How do Partners in your firm feel about their role in building client relationships and ensuring their loyalty? Do they have concerns that cross-selling other services could bother or annoy their clients? Your client feedback programme can actively help Partners broach this subject. Clients like it when you take a real interest in their world, their lives and their aspirations, and happy clients are willing to listen.
In an article “Building Business Relationships: It’s Not Stalking If You Do it Right” John Doerr of RAIN Group addressed this challenge, and gave 5 guidelines for building better business relationships. Here we remind you of these 5 guidelines - and add comments from our experience in working with a large number of professional services firms on client feedback programmes:
- Assess the opportunity. Doerr suggests that you assess how much work the client will give you over the next 12 months and over the next 2 years, and whether you want to be the first person that they call in every case. He suggests freeing yourselves from those with limited potential and using the time on more fruitful opportunities.
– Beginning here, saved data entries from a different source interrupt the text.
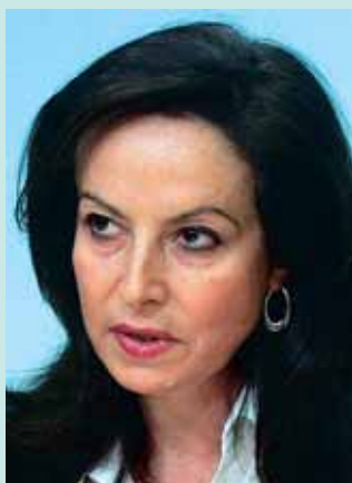
Η Υπουργός Παιδείας κα Διαμαντοπούλου που προτρέπει τα ΤΕΙ να ασχοληθούν με τη ζαχαροπλαστική και τη σοκολάτα (Σύνοδος Προέδρων ΤΕΙ 2-4/12/2009)

Σίγουρα η λύση δεν βρίσκεται σ' αυτό που έγινε στις 18 Δεκέμβρη έξω από το υπουργείο Παιδείας. Μια συγκέντρωση παρωδία 100 ανθρώπων.
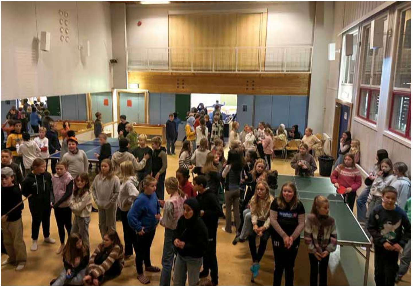
Det kom nærmere 80 ungdommer på åpningskvelden 26. oktober. Ingen tvil om at kvelden ble en suksess
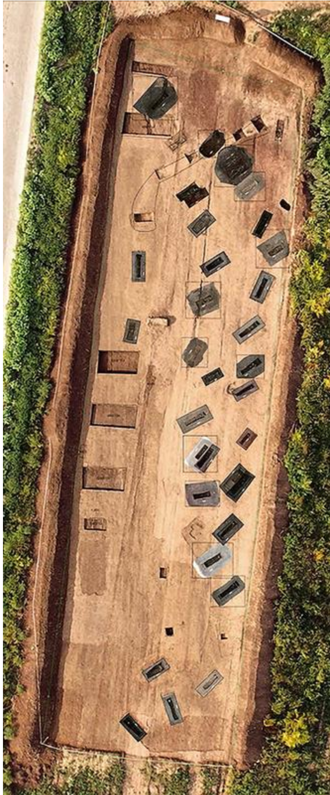
Photographie aérienne et orthophotos des tombes du secteur nord du cimetière de Pianliancheng.
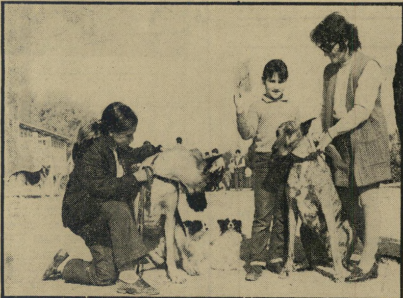
זוג "דנים" ענקיים זוג, "פאפילונים" גמדים ממשתתפי התחרות הפעם — ללא תצוגת אופנה
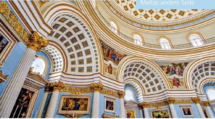
Rotunde von Mosta, Malta
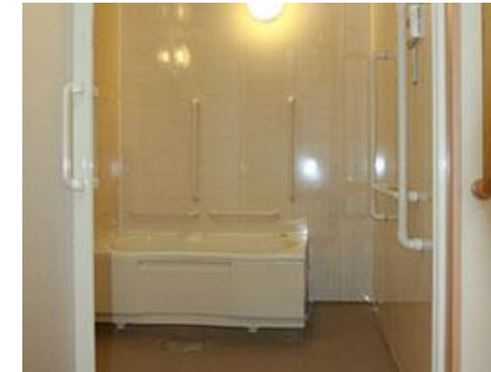
↑バスルーム 毎日入浴。 個室にてゆったりとお入り頂けます。
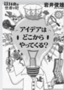
アイデアはどこからやってくる? (児童書) 著/岩井敏雄 刊/河出書房新社

公園でふしぎなしげみに入ってみた、さやちゃん。「すてきなばしよ、みーつけた!」。しばらくすると、あたりがざわざわとしてきました。耳をすませてみると、はつばのすき間からくまさんが大きな目をのぞかせ話しかけてきます。さやちゃんはいつかこの場所でパーティをひらくことを約束して…。自分だけの「ひみつのはしよ」を探してみたくなる、想像力が広がる絵本。
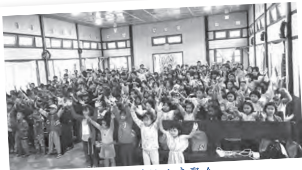
完培新光学校儿童聚会
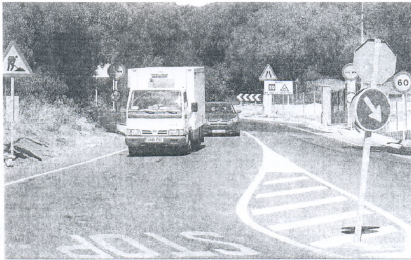
La carretera de la subida de San Miguel, en una imagen tomada el fin de semana.

Comment: This can be a hard decision in the case of approachable clients that may have been with you a while, but it can be a pragmatic way to free up expensive resources to direct towards more profitable clients and new business opportunities. A client feedback program can be used to deliver more efficient touch points to these clients.
- Provide new insights and ideas. In Rain’s research, buyers reported that those who won their business “educated me with new ideas and perspectives” whilst non-winners did not. A planned contact that delivers ideas, rather than being an obvious exercise in staying in touch will be more valued and effective.
Comment: It is vital first to understand what ideas and perspectives your clients already have and to invest time in bringing new ideas to the table. Often post-matter feedback is highly specific, whereas relationship feedback is more general. Valuable though this feedback is (and it has often retrieved high-value clients who were thinking of moving elsewhere) could it be worth asking broader open questions at intervals, to help you identify trend across your client base? With a properly constructed customer insight programme you can take perspectives on client thinking and industry trends and strengthen your position as a valued and trusted advisor.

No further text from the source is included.